When a picture appears in the listing, leave it out and copy the rest exactly as it stands.
■ ■ ■ ■
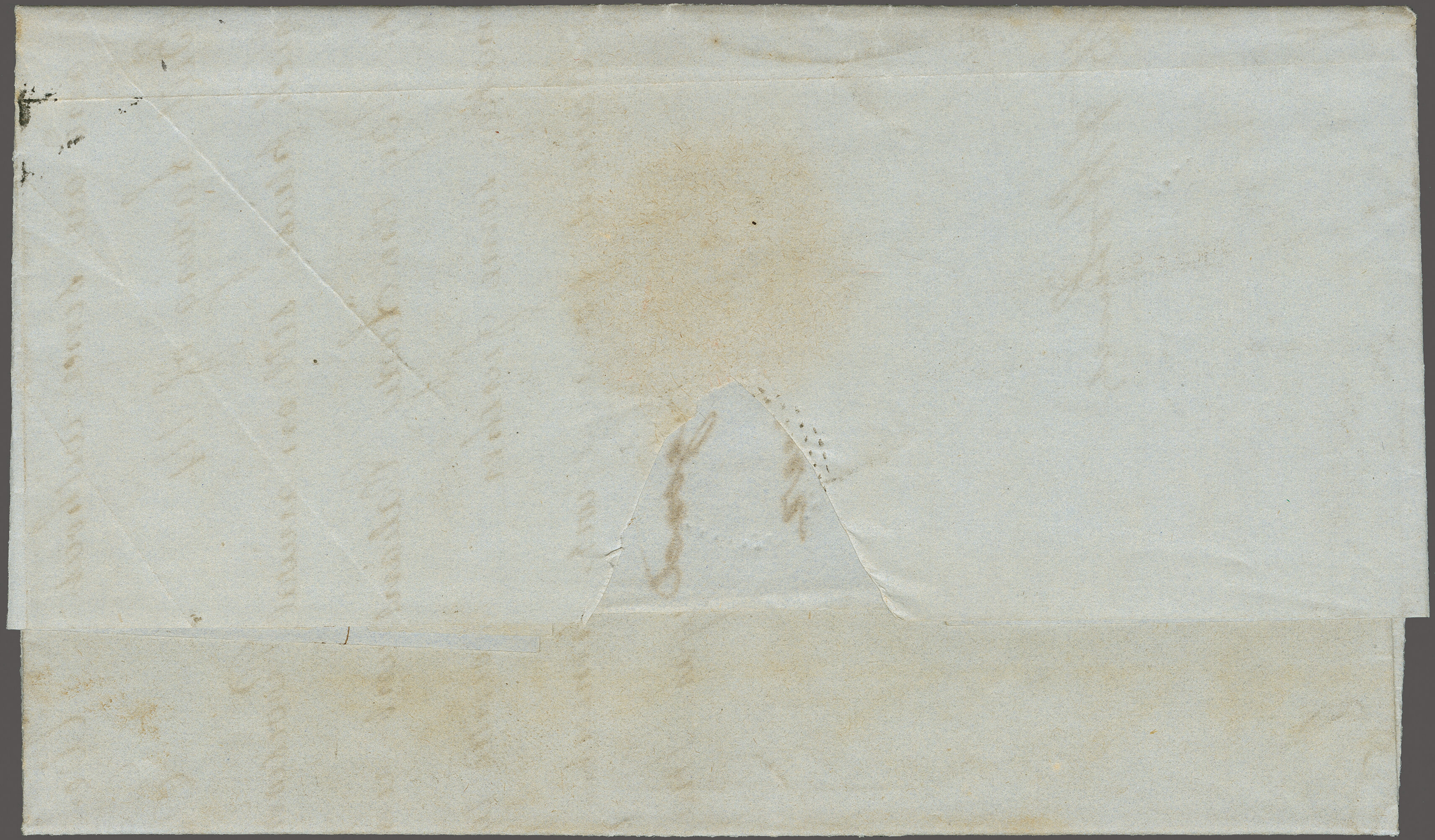 thence to Trenton with charge mark of "9" cents due (2 d. unpaid = 4 cents + USA internal charge of 5 c. = 9 cents due). It is interesting to note that the "9" is an inverted "6" as there was no handstamp in Boston for this rate. Full contents with
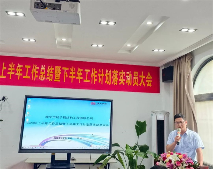 7月15日,淮安市揚(yáng)子鋼結(jié)構(gòu)工程有限公司(以下簡稱“揚(yáng)子鋼構(gòu)”)召開了2023年上半年工作總結(jié)暨下半年工作計(jì)劃落實(shí)動(dòng)員大會。公司全體管理人員參加了會議,會議由人資行政部張偉主持。
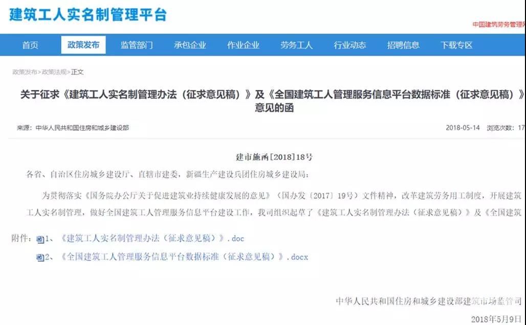《建筑工人實(shí)名制管理辦法(征求意見(jiàn)稿)》
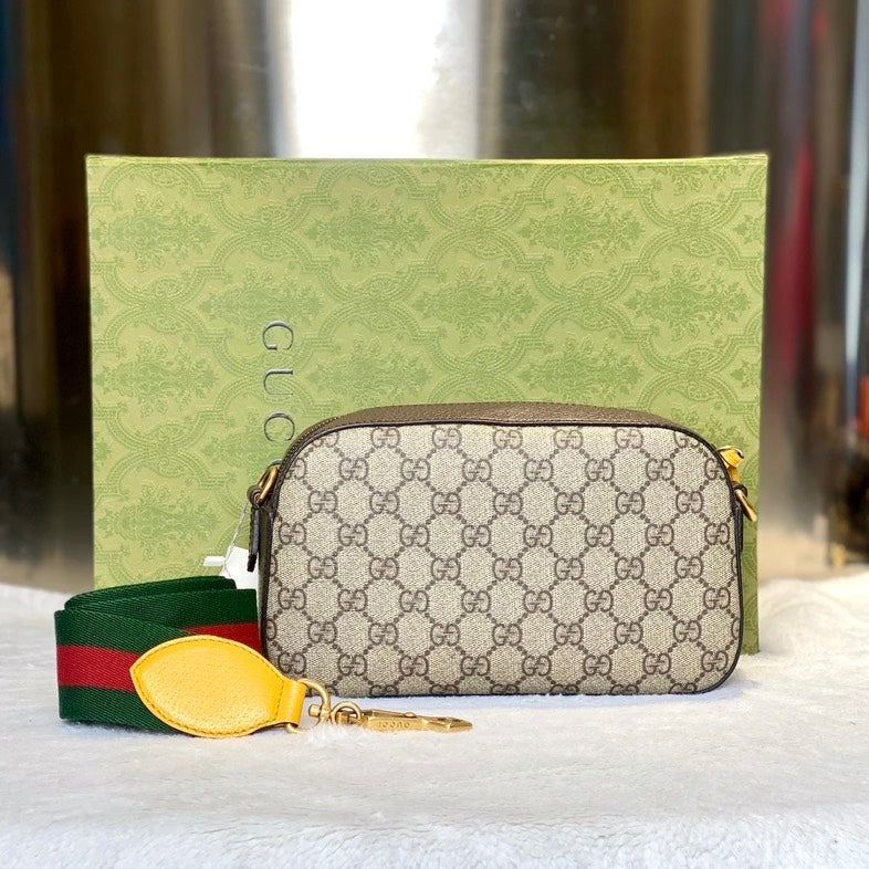 Explore the elegance of vintage Gucci bags with this preloved Gucci Ophidia crossbody bag. Crafted from iconic GG Supreme canvas in beige, this designer handbag showcases Gucci's signature craftsmanship. The distinguished crossbody design features a fabric strap in Gucci’s classic green and red stripe with gold-tone hardware, adding a touch of luxury to any outfit. Perfect for collectors or anyone who appreciates timeless style, this crossbody bag is an outstanding piece among designer handbags.
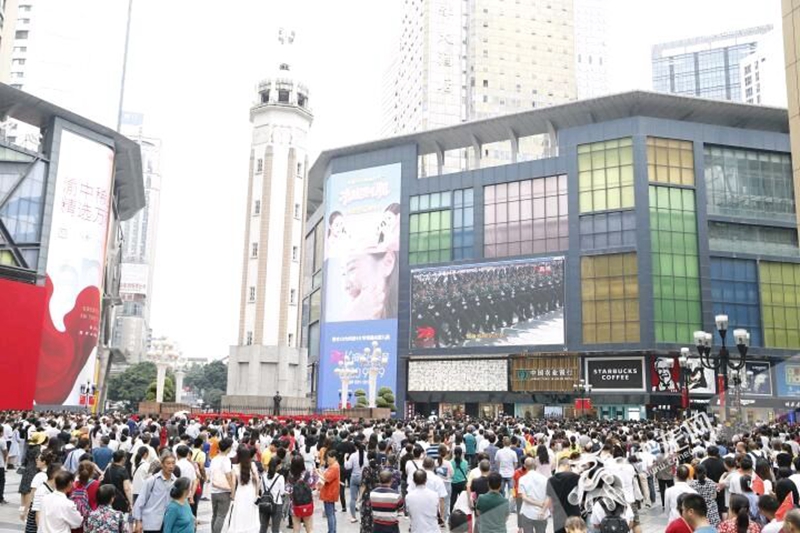 • 渝中区解放碑大屏幕前面有不少人观看阅兵式。华龙网-新重庆客户端 首席记者 李文科 摄
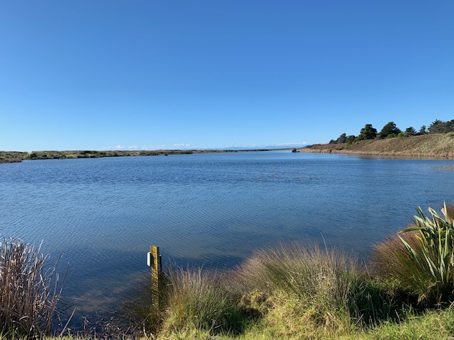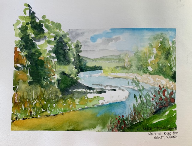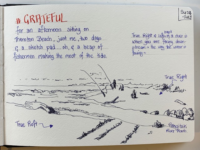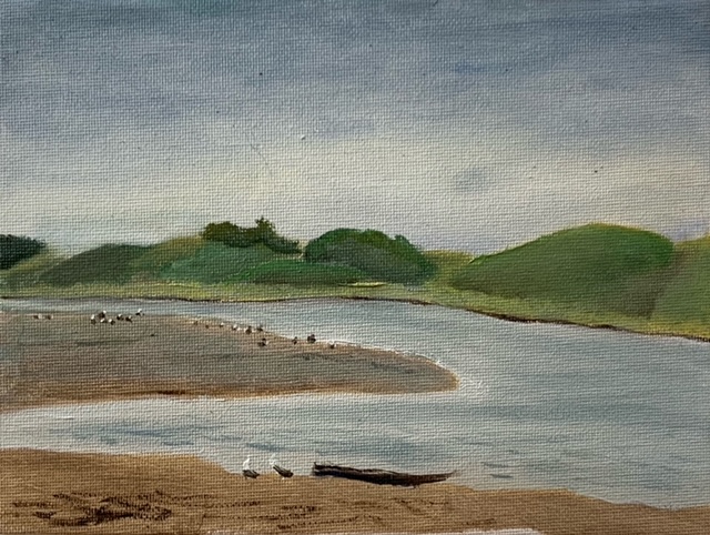 Today I wanted to paint the gentle eddy at the Rangitaiki river mouth. In summer I can imagine this would be full of children splashing and playing in its gentle water. Fresh water with a mix of salt. The sea breeze coming over the sand dunes to help cool everyone off. But today, we were the only muggins around. So while Claire took the dogs for a romp, Wendy and I set ourselves up and began to paint.
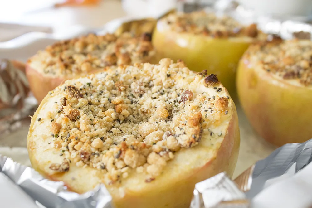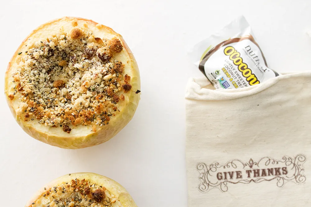 This apple is stuffed with superfoods like: coconut oil, hempseed, and chia seed… But wait, there’s more! Our secret crumble ingredient is O’Coconut. You’ll never view a baked apple stuffed crumble the same again.
■ ■ ■ ■
▸ **Answer box**
 thence to Trenton with charge mark of "9" cents due (2 d. unpaid = 4 cents + USA internal charge of 5 c. = 9 cents due). It is interesting to note that the "9" is an inverted "6" as there was no handstamp in Boston for this rate. Full contents with
 7月15日,淮安市揚(yáng)子鋼結(jié)構(gòu)工程有限公司(以下簡稱“揚(yáng)子鋼構(gòu)”)召開了2023年上半年工作總結(jié)暨下半年工作計(jì)劃落實(shí)動(dòng)員大會。公司全體管理人員參加了會議,會議由人資行政部張偉主持。
《建筑工人實(shí)名制管理辦法(征求意見(jiàn)稿)》
 Explore the elegance of vintage Gucci bags with this preloved Gucci Ophidia crossbody bag. Crafted from iconic GG Supreme canvas in beige, this designer handbag showcases Gucci's signature craftsmanship. The distinguished crossbody design features a fabric strap in Gucci’s classic green and red stripe with gold-tone hardware, adding a touch of luxury to any outfit. Perfect for collectors or anyone who appreciates timeless style, this crossbody bag is an outstanding piece among designer handbags.
 • 渝中区解放碑大屏幕前面有不少人观看阅兵式。华龙网-新重庆客户端 首席记者 李文科 摄
 Today I wanted to paint the gentle eddy at the Rangitaiki river mouth. In summer I can imagine this would be full of children splashing and playing in its gentle water. Fresh water with a mix of salt. The sea breeze coming over the sand dunes to help cool everyone off. But today, we were the only muggins around. So while Claire took the dogs for a romp, Wendy and I set ourselves up and began to paint.
 This apple is stuffed with superfoods like: coconut oil, hempseed, and chia seed… But wait, there’s more! Our secret crumble ingredient is O’Coconut. You’ll never view a baked apple stuffed crumble the same again.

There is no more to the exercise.